Penelitian saya tentang Hipparchia ini telah saya rangkum dalam sebuah esai panjang berjudul ‘Hipparchia: Filsuf Perempuan dan Pecinta Sejati yang Terlupakan’. Di sisi lain, beberapa tulisan saya yang mengulas tentang filsuf perempuan juga pernah saya buat, dua di antaranya adalah ‘Enam Perempuan yang Berpengaruh dalam Filsafat’ dan ‘Things That You Can Learn From a Woman Philosopher, Ayn Rand, to Gain Happiness’.
Sayangnya saya merasa ini masih belum cukup. Oleh karena itu, dalam artikel kali ini. Mengingat kurangnya pemahaman kita tentang para pemikir perempuan dan rujukan sejarah yang dapat kita gunakan. Saya akan memberikan beberapa rekomendasi buku yang mengulas dengan detail dan khusus tentang para pemikir perempuan dan kontribusi mereka dalam sejarah.
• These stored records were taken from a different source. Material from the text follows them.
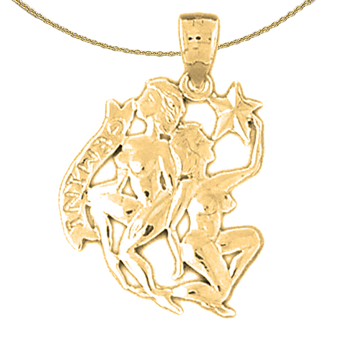 Sterling Silver Gemini Zodiac Sign Pendant (Rhodium or Yellow Gold-plated)
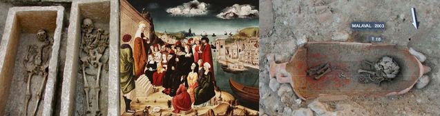 En illustration : Sarcophages découverts lors des fouilles de la rue Malaval à Marseille et peinture sur bois du peintre italien Ronzen (fragment de retable dédié à Marie-Madeleine, dont le culte à Marseille et dans la région était très important depuis le Moyen Âge). Elle est datée du début du XVIe siècle. © Collection du Musée d'Histoire de Marseille.
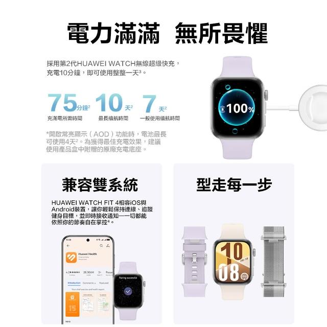 HUAWEI 華為HUAWEI 華為 Watch Fit 4智慧手錶 血氧心率監測 AMOLED 運動手錶 長續航 雙頻GPS定位 贈好禮
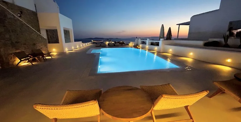 In posizione panoramica sulla baia di Agios Stefanos, questo hotel di piccola dimensione è caratterizzato da tipici colori cicladici, curate aree comuni e un’attenta gestione familiare. La posizione consente di soggiornare in un ambiente tranquillo, lontano dalla vivace e allegra frenesia del centro di Mykonos città, allo stesso tempo raggiungibile in pochi minuti. La splendida baia di Agios Stefanos, che potrai ammirare in tutta la sua bellezza, soprattutto al tramonto, dalla bellissima piscina panoramica appena elegantmente rinnovata o dal balcone della tua camera, è raggiungibile con una breve passeggiata.
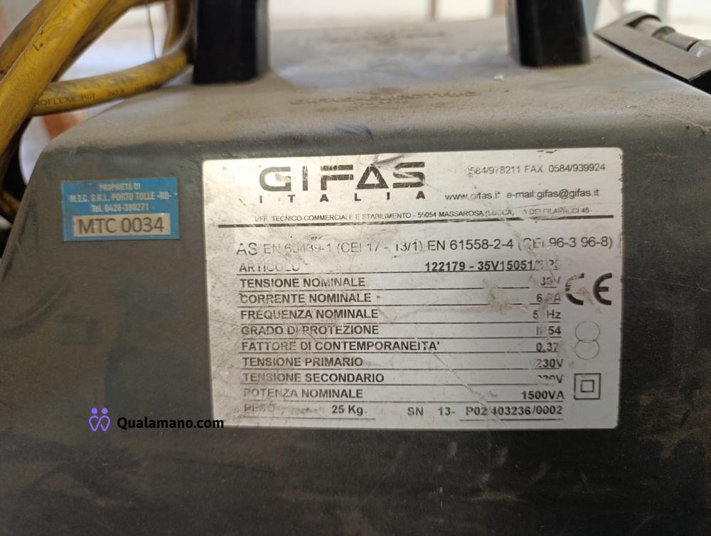 N. 1 trasformatore GIFAS Italia, articolo 122179-35V15051/SPS, potenza nominale 1500VA
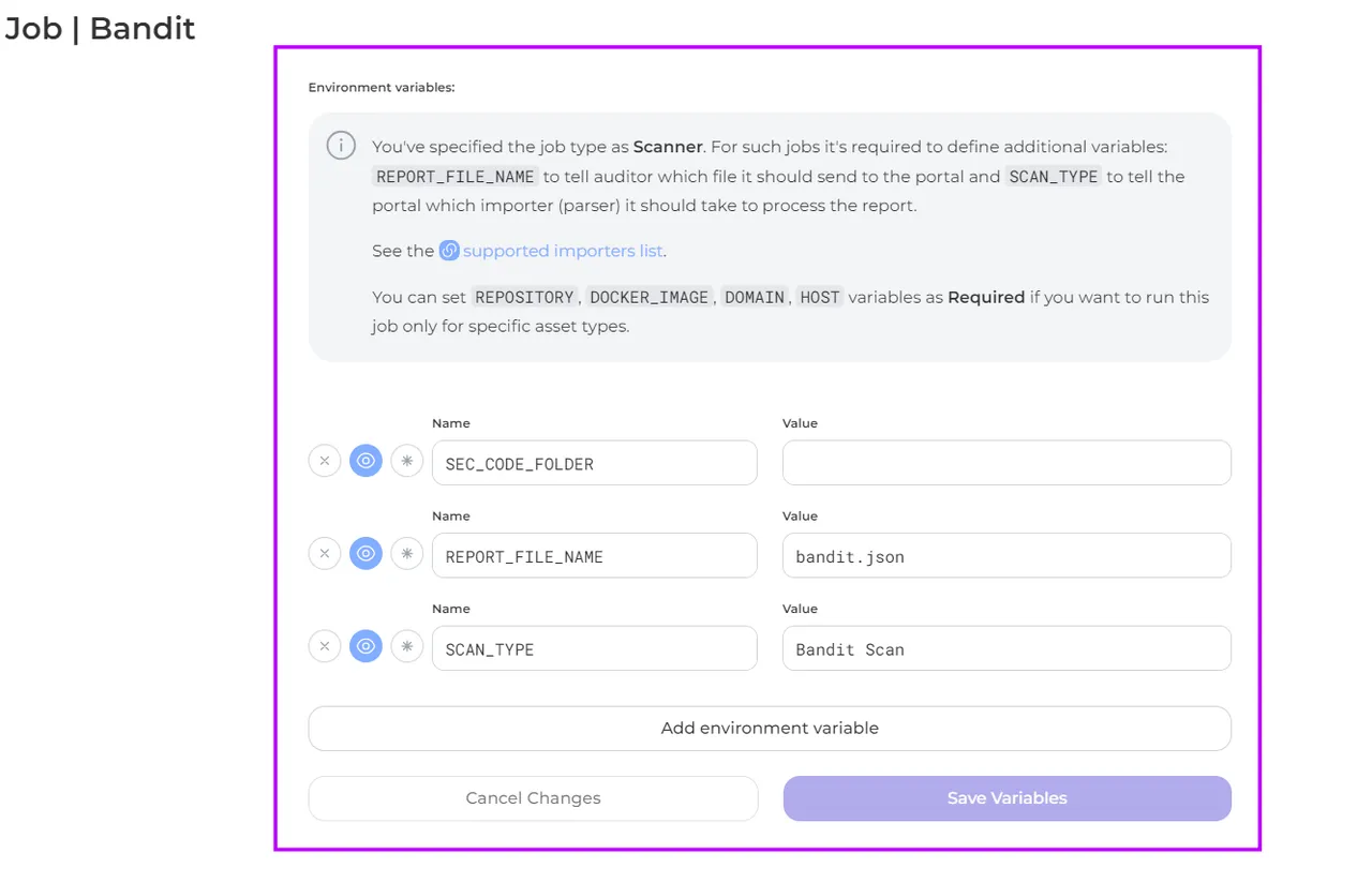 Mandatory environment variables for each job type Scanner:
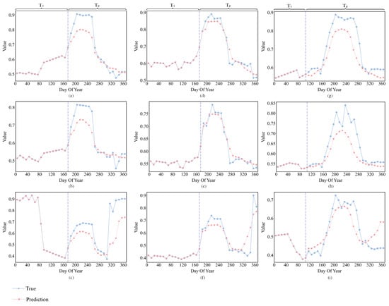 However, from the observation of Figure 10, we can see that there is still room for improvement in the prediction performance of AtEDLSTM in CLEC. Currently, it can only predict the general trend of the feature curve (baseline). The learning and prediction of periodic patterns (peaks and valleys) that fluctuate around the baseline due to phenological events (such as planting, heading and harvest) are still not ideal and require further optimization. These localized fluctuations often correspond to critical phenological information and are essential for distinguishing crop types. Under non-standard growing conditions such as drought or late sowing, crop growth trajectories often deviate significantly from typical patterns. Due to the inherently small inter-species differences, particularly between soybean and corn, which exhibit highly similar spectral and phenological curves, these crops are more prone to misclassification. Identifying crops under such non-standard conditions presents two major challenges:
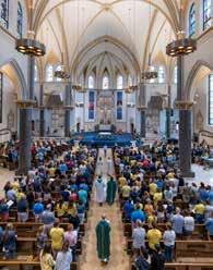 In 2024, the university doubled down on the importance of the traditional Mass of the Holy Spirit by canceling classes and making that time available for students, faculty and staff to pray at the Church of the Gesu for a successful and happy year. In just the first year, over 350 people attended Mass, a notable increase in attendance over previous years.
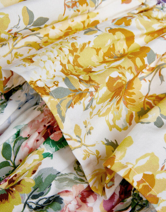 Floral Print Puff Sleeve Tiered Dress Yellow
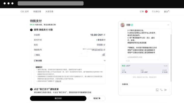 4、按照商家要求对话框“提供付款卡流水”-付款完成后点击“我已转账”-商家收到款后放币
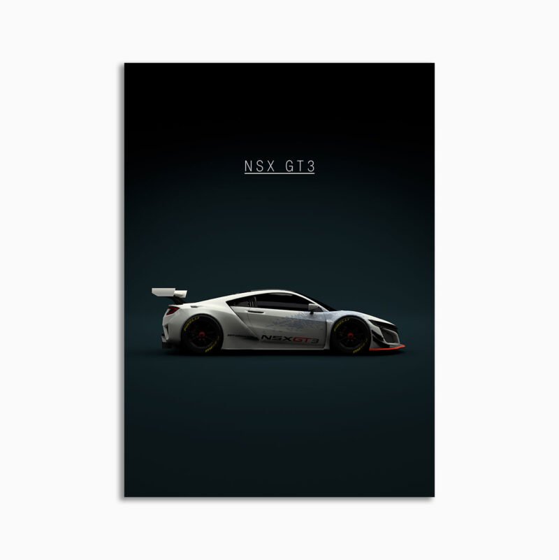 This 2019 Acura NSX GT3 digital poster is minimalist motorsport-inspired wall art – built around stance, speed, and a restrained aesthetic.
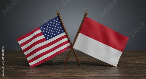 United States and Indonesia desk flags on a wooden table. A concept of international relations, diplomacy, political summit, and bilateral talks.
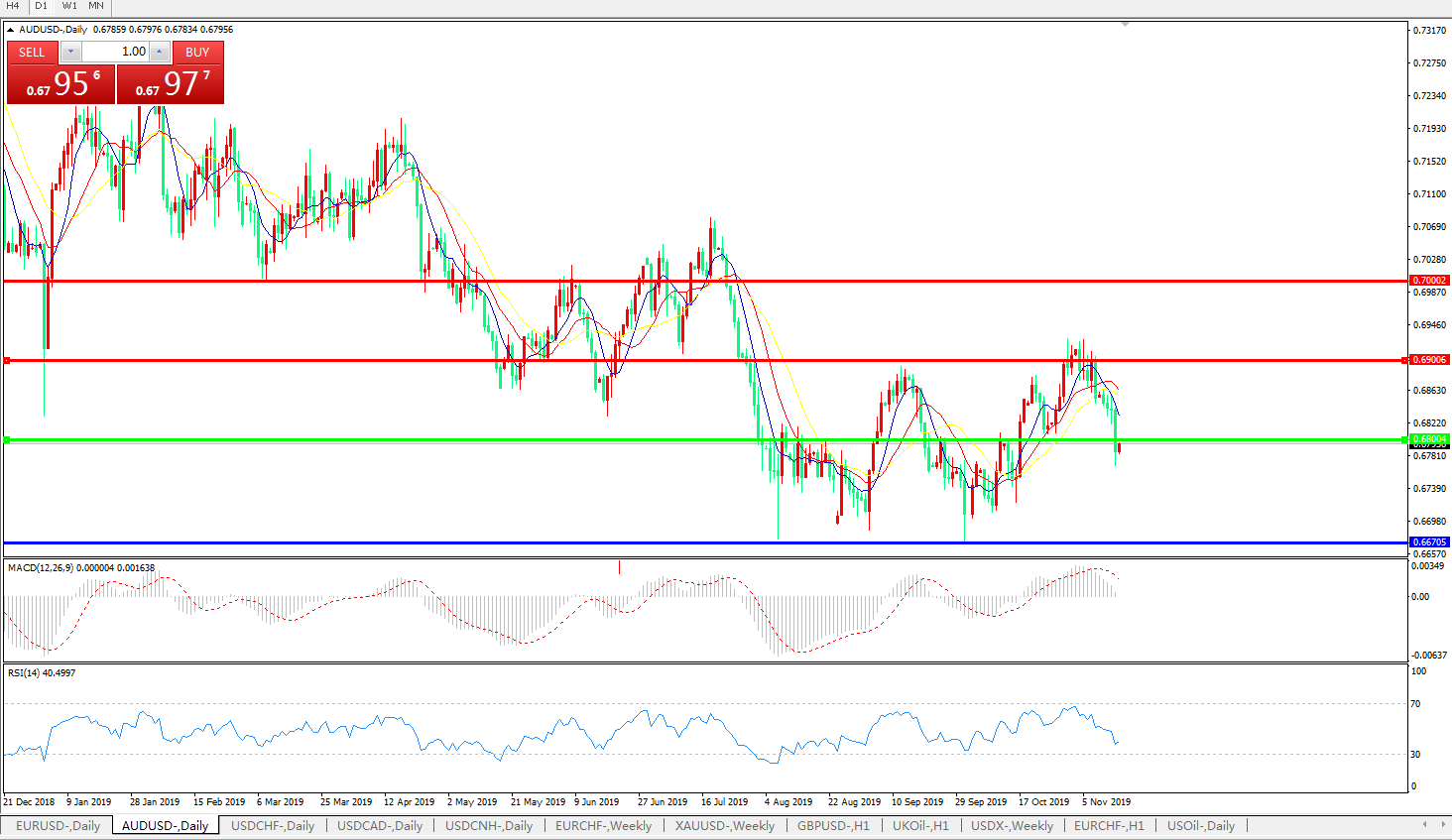东京三菱日联银行周四讨论了澳元前景,标记在澳洲联储宽松的预期下澳元存在进一步下滑的空间;继10月澳洲就业新增弱于预期后,本交易日亚市澳元表现欠佳,澳元兑美元大幅下跌破位0.6800关口,扭转了此前因建立在贸易乐观情绪上的舒缓反弹; 最近的劳动力市场报告揭示澳大利亚经济10月就业新增拂去1.9万,刷2016年9月来最低读数,失业率较澳洲联储预测的4.5%水平缓慢升至5.3%在汇价无法升破200日MA均线阻力位0.6940之后此前的舒缓反弹已经动能耗尽,这一走势符合我方预测的当澳洲联储进一步迈向非传统型宽松之际澳元维持下行风险的观点; 当前澳联储在传统型宽松领域空间鲜少,今年迄今澳洲联储已经降息75个点至0.75%,自此以后澳元利率市场在今晚疲弱数据公布后对明年初降息25个点的定价已经100%。
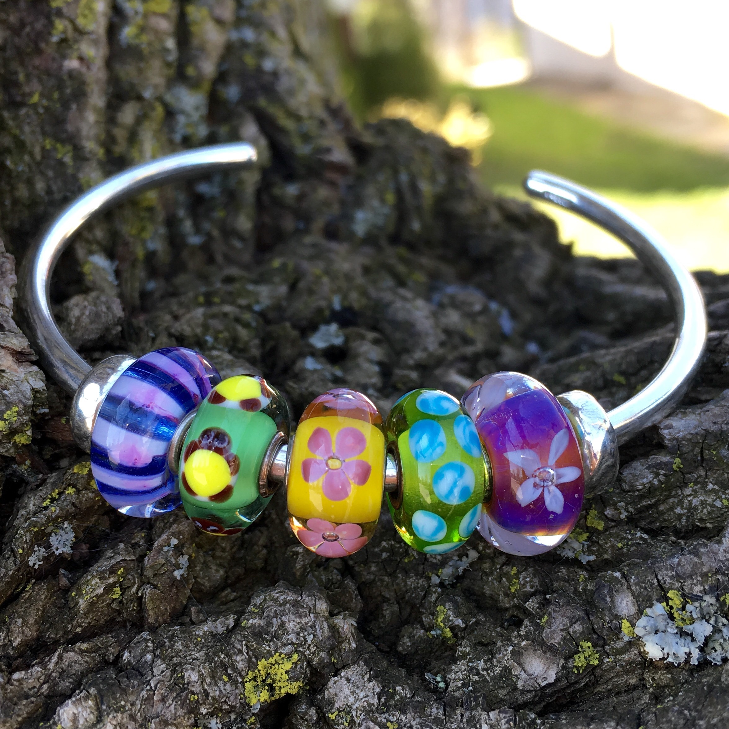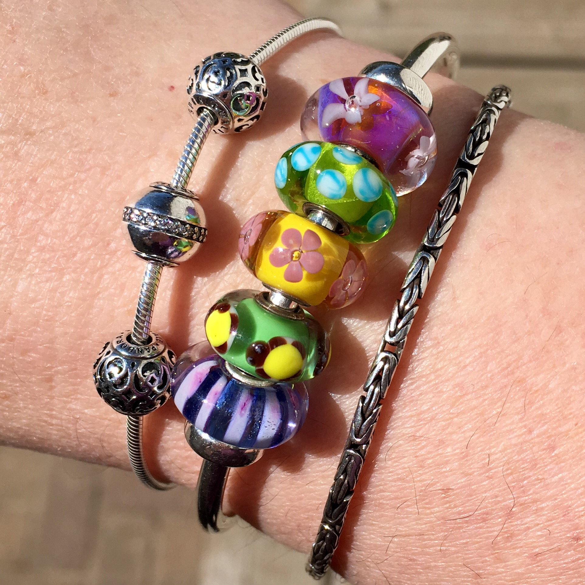 Happy Friday! Today I have a simple Trollbeads bangle as I wanted to use the turtle and flower uniques. It’s always so exciting to see the trees growing buds and the first flowers appear. Also, these beads look so pretty in the sun!
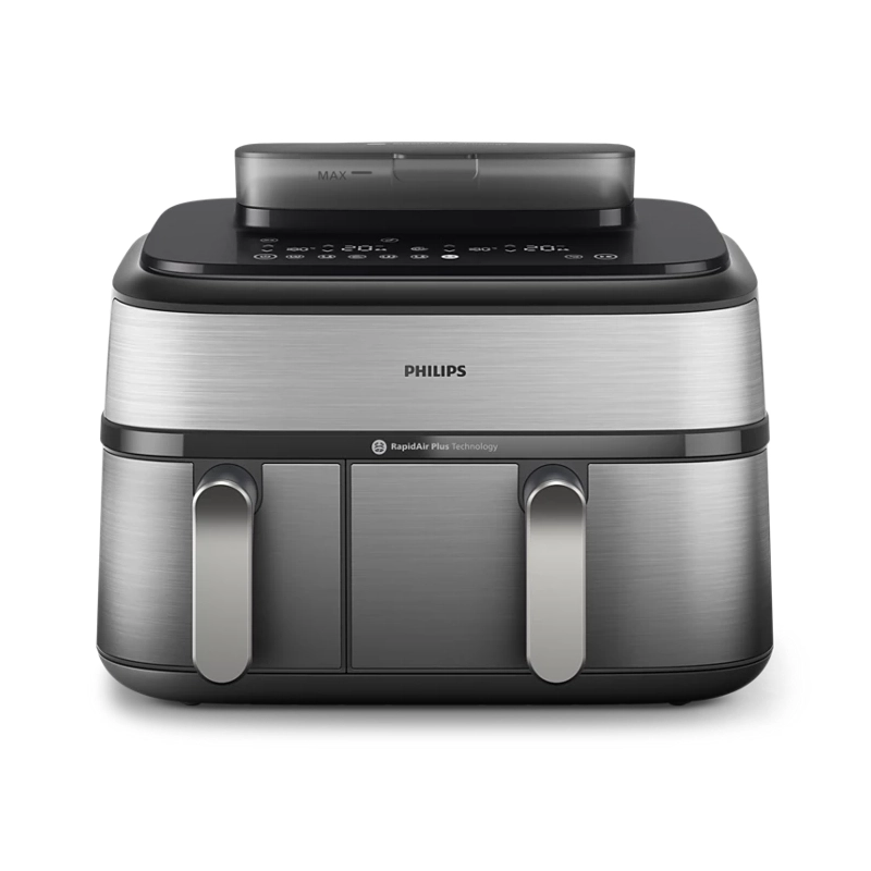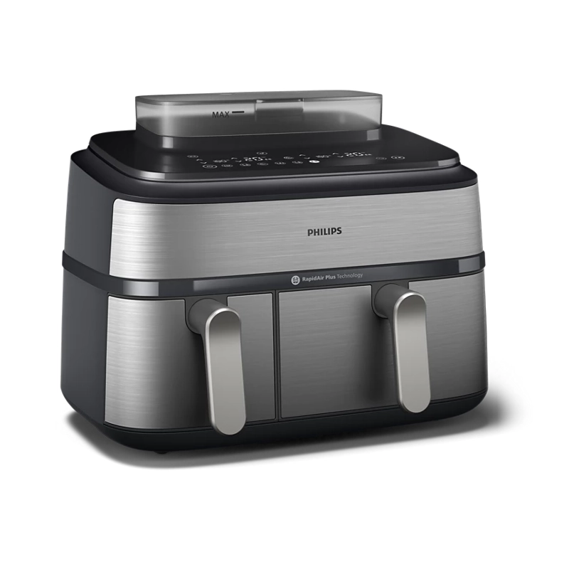 مدل NA555/09 از سری ۵۰۰۰ فیلیپس، دستگاهی دوکشویی با فناوری ترکیبی بخار و هوای داغ است که ظرفیت کلی آن حدود ۹ لیتر (۳ لیتر + ۶ لیتر) است. طراحی این محصول طوری است که توان پخت دو غذا با روشها و زمانهای متفاوت را بهطور همزمان فراهم میکند. در حالت کلی، RapidAir Plus اجازه میدهد هوای داغ بهطور یکنواخت دور غذاها گردش کند و سطح آنها ترد شود، در حالی که تکنولوژی Air Steam باعث میشود بخار به بافت غذا نفوذ کرده و رطوبت را حفظ کند. این ترکیب باعث میشود هم غذایی سالمتر داشته باشید و هم عملکرد بالا، پخت دقیقتر و طعم طبیعی حفظ شود. ظاهر براق و صفحهنمایش دیجیتال لمسی طراحی مدرن همراه با دستههای ارگونومیک، استفاده آسان را تضمین میکند. همچنین وجود قابلیت Sync Time برای هماهنگکردن زمان پخت سبدها، تجربه آشپزی را هوشمندانهتر کرده است. در مجموع، NA555/09 یک محصول حرفهای است که همراه با امکانات جدید پخت، تجربهای متفاوت از هواپز را ارائه میدهد.
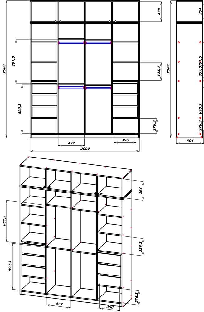 Розміри:(В/Ш/Г) : 2500/2000/501мм
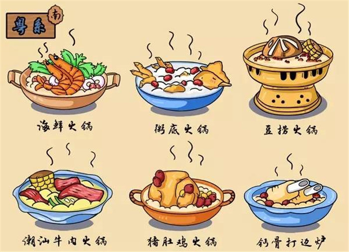 粤系火锅包括:海鲜火锅,粥底火锅,豆捞火锅,潮汕牛肉火锅,猪肚鸡火锅,钙骨火锅等。广东饮食讲究原味,最高境界的调味,是更能烘托食材本身的鲜美,而非喧宾夺主。
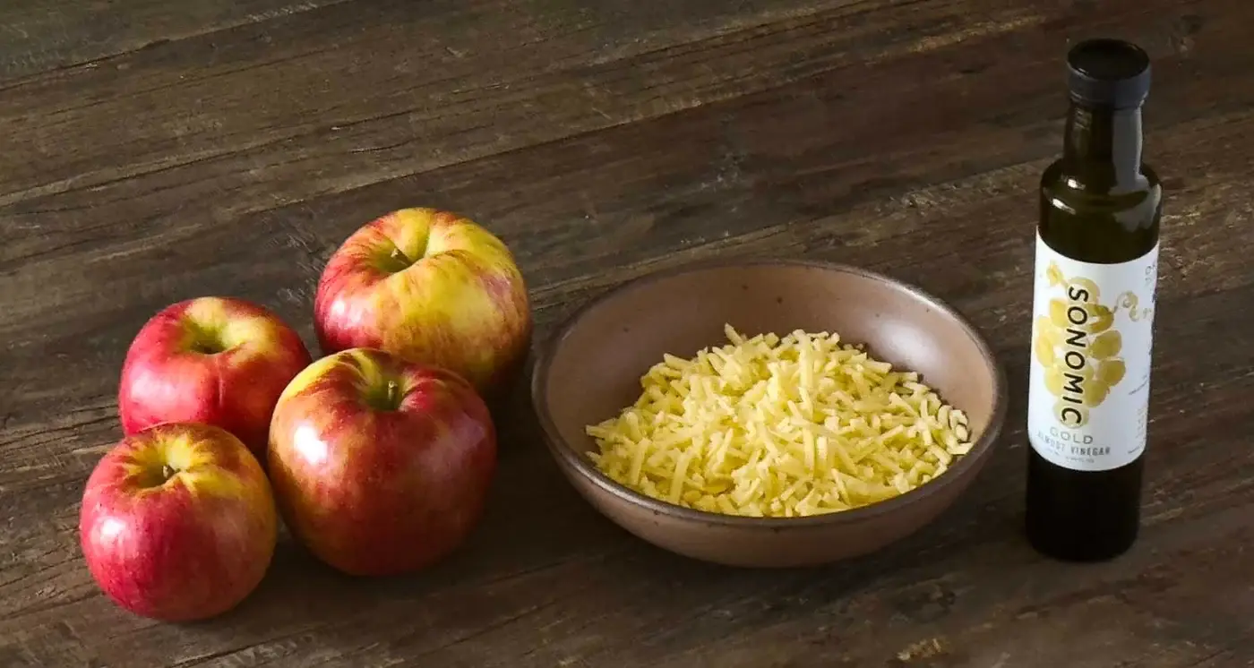 - In a large bowl, stir together the apple slices, 2 teaspoons Sonomic Gold Almost Vinegar, 50 grams (1/4 cup) sugar, 1 tablespoon flour, cinnamon, and salt.

1. A History of Women Philosophers (1987)
Sebenarnya ada satu karya lain yang memiliki judul serupa: ‘Women Philosophers’ karya Baroness Mary Warnock, yang terbit dua tahun kemudian (1989) setelah ‘A History of Women Philosophers’. Sayangnya saya tidak memiliki buku tersebut. Saya hanya akan mengulas karya-karya yang pernah saya baca saja.
‘A History of Women Philosophers’ pada dasarnya adalah karya antologi, alih-alih karya perseorangan. Buku ini dikurasi langsung oleh Mary Ellen Waithe. Seoarng filsuf dan penasihat utama Center for the Study of Women Philosophers & Scientists, Universitas Paderborn, Jerman.
Menurut saya buku ini sangat lengkap mendiskusikan gagasan dan sejarah pemikiran para filsuf perempuan. Saking lengkapnya, buku ini bahkan terdiri dari empat jilid tebal, sesuai dengan periodesasi pemikiran filsufnya. 1) Ancient Women Philosophers (600-500 SM). 2) Medieval, Renaissance, and Enlightenment (500-1600). 3) Modern Women Philosophers (1600-1900). 4) Contemporary Women Philosophers (1900-today).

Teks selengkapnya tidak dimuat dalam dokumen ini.